For the data below, restate word for word only the lines from the line containing "Ixia Kids Hibi" through the line containing "This bingo card", both ends included.

■ Records for this task
--

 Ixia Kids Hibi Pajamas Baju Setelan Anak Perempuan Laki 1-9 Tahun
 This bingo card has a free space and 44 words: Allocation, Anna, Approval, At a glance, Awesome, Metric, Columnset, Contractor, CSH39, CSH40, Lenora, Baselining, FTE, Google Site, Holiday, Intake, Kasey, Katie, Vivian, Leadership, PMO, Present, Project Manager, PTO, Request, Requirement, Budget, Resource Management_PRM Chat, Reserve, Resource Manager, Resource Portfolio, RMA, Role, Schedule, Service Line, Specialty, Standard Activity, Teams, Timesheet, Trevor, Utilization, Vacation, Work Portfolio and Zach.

--

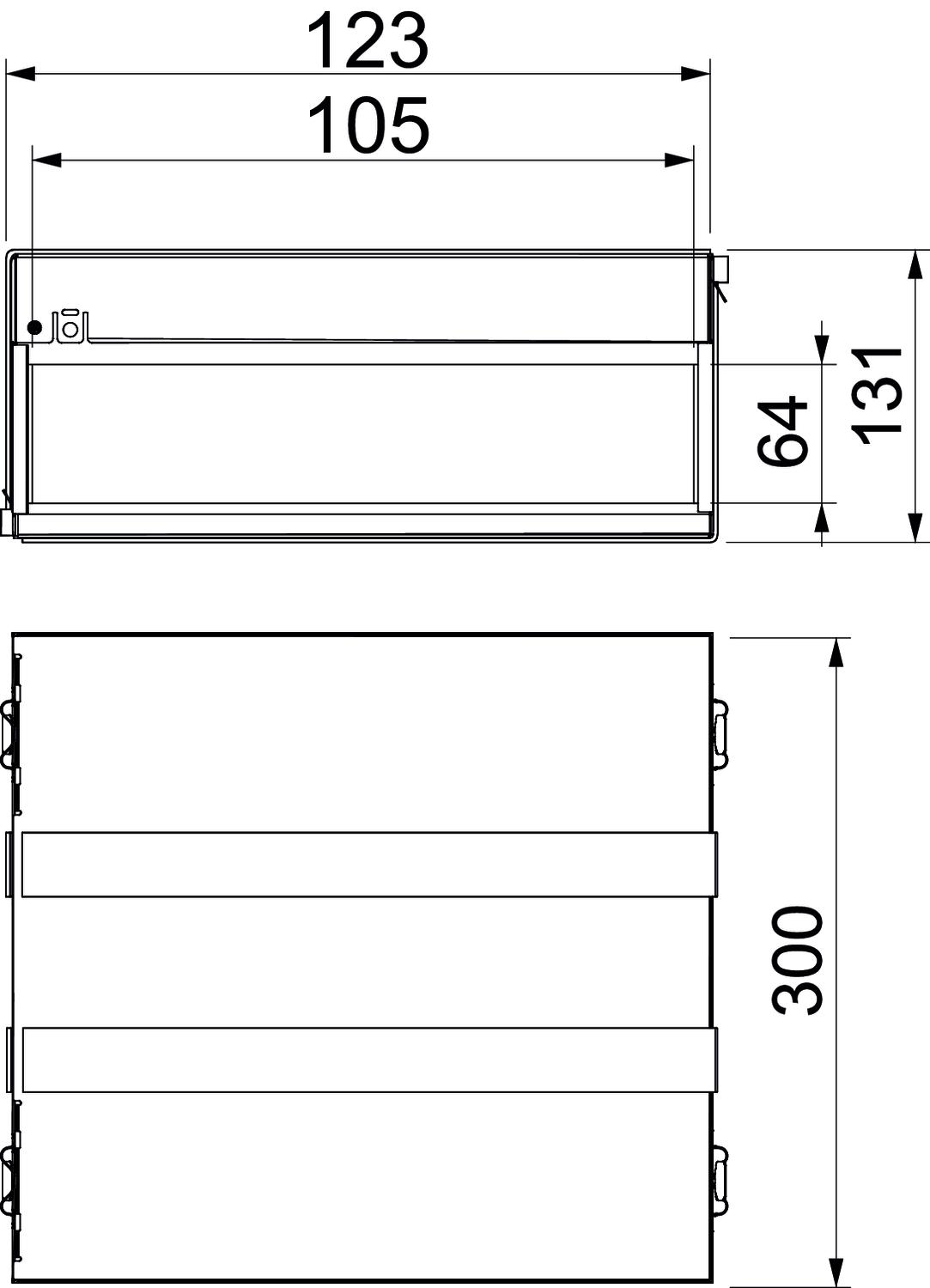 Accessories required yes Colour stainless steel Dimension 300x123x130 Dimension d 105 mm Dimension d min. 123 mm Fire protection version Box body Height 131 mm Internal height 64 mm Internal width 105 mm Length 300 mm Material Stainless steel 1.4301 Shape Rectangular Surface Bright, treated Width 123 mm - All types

--

■ Response to this exercise
 Ixia Kids Hibi Pajamas Baju Setelan Anak Perempuan Laki 1-9 Tahun
 This bingo card has a free space and 44 words: Allocation, Anna, Approval, At a glance, Awesome, Metric, Columnset, Contractor, CSH39, CSH40, Lenora, Baselining, FTE, Google Site, Holiday, Intake, Kasey, Katie, Vivian, Leadership, PMO, Present, Project Manager, PTO, Request, Requirement, Budget, Resource Management_PRM Chat, Reserve, Resource Manager, Resource Portfolio, RMA, Role, Schedule, Service Line, Specialty, Standard Activity, Teams, Timesheet, Trevor, Utilization, Vacation, Work Portfolio and Zach.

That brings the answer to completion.